January 1, 2025 - 10:30am

According to a widely-shared recent essay, executives at streaming networks routinely ask screenwriters for film and television to produce scenes in which characters “announce what they’re doing, so that viewers who have this program on in the background can follow along”. The streaming platforms also have thousands of micro-genres in their catalogue including “casual viewing”, which is used for films and shows that go down best when you’re not paying attention.

It can be a salutary experience for a screenwriter to observe viewers when those viewers are watching a screen. You may have — if you’re any good, you will have — burned midnight oil and brain cells to make your screenplay cogent and your plot watertight. And then you see people watching á la Gogglebox: doing the ironing, chatting, wondering whether the bins need to be collected. A screenwriter’s job is to make them pay attention — or, at least, it was. Film editors and directors now labour over shots that viewers miss when there’s a notification on their phone; scrolling and “second screen” viewing have made this even more acute.

Is it any wonder that a lot of modern streaming TV suffers from slowness and bloat, considering that its main function is not to keep you entertained moment by moment, as analogue TV did, but merely to keep you subscribed to the service, with its enormous range of little-watched fare?

The actual viewing figures for streaming services, despite being more accurate and more readily available to the networks in question, are kept a ruthlessly close secret. You can have a “hit” show that nobody is actually watching.

So it’s no surprise that “casual viewing” is on the up, and this may not necessarily be a bad thing. One of the most irritating ways TV has changed alongside tech in recent decades has been the vaunting of every single programme, no matter how trivial, as epically unmissable. One longs for the days when things were just “on”, without any fanfare telling us how life-altering they were. Programmes such as Vera and Emmerdale are trumpeted like the arrival of the Queen of Sheba. Nobody ever claimed that Shoestring or Terry and June were going to change our lives, but it was nice they were there. And maybe it’s that breezy genre of show which Netflix and its competitors, previously beholden to complex arcs and “journeys”, are rediscovering.

This steer to writers, however, hits on an age-old question: at the start of a show in particular, would the viewer rather be a little lost, or have everything spelt out?
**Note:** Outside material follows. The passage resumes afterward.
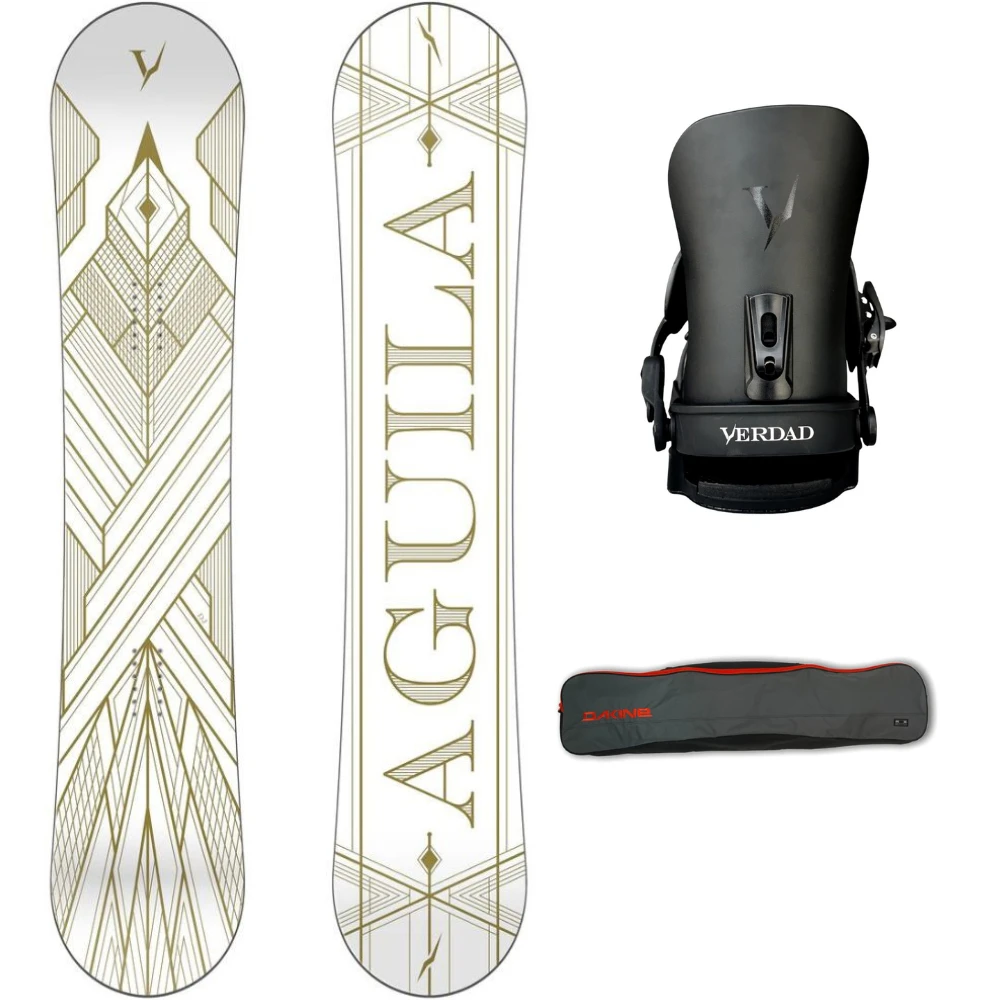 Ontdek de ultieme tweedehands snowboardset: Verdad Aguila White 155 Snowboard, V Pro Snowboardbindingen en de Dakine Pipe Snowboardbag Steel Grey 157. Deze set is samengesteld uit topkwaliteit producten die perfect op elkaar zijn afgestemd. Iedere snowboardset werd goed onderhouden en is gewaxt en geslepen voor levering.
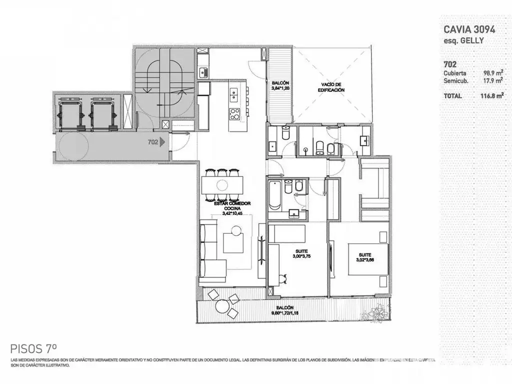 Todas las imágenes, planos, descripciones, y características indicadas son meramente referenciales e ilustrativas y podrán ser modificadas sin previo aviso. Las superficies indicadas son estimadas. Las superficies y medidas definitivas surgirán del plano de mensura final aprobado oportunamente por el GCBA. Las fechas de inicio de obra o posesión son estimadas, podrán ser reprogramadas por la Dirección de obra y dependerán a su vez de un proceso de aprobaciones municipales u otros organismos intervinientes. Los precios indicados podrán modificarse sin previo aviso. El interesado deberá realizar las verificaciones respectivas previamente a la realización de cualquier operación, requiriendo por sí o sus profesionales las copias necesarias de la documentación que corresponda.

Cinema, with its lack of competing distractions, has always had the edge over TV here. Watching the beginning of a film requires a heightened sense of mental effort: they’ve already caught you, so they can afford to be more coy.

There is an art to setting the scene out in dialogue and action. If you get it right, the viewer won’t even notice they’re receiving the information. Having a character “announce what they’re doing” cuts across that. There is no need for Hamlet to enter proceedings and announce: “Here I am, lads. Time to find out if the stories about my father’s ghost haunting the ramparts are true.” An even slightly attentive audience member will have picked that up from dialogue, and attentive is the key word here: if you’re only half-watching a programme, then of course everything will need to be announced.

Pretty soon, this may all be academic. Advances in AI mean that any day now we’ll likely be able to pause the action and ask the characters who they are, what they know and what they want. The art of screenwriting may well transform into the art of curating the best prompts. Netflix and the other streaming services were born from technological change. They may die from it too.


Gareth Roberts is a screenwriter and novelist, best known for his work on Doctor Who.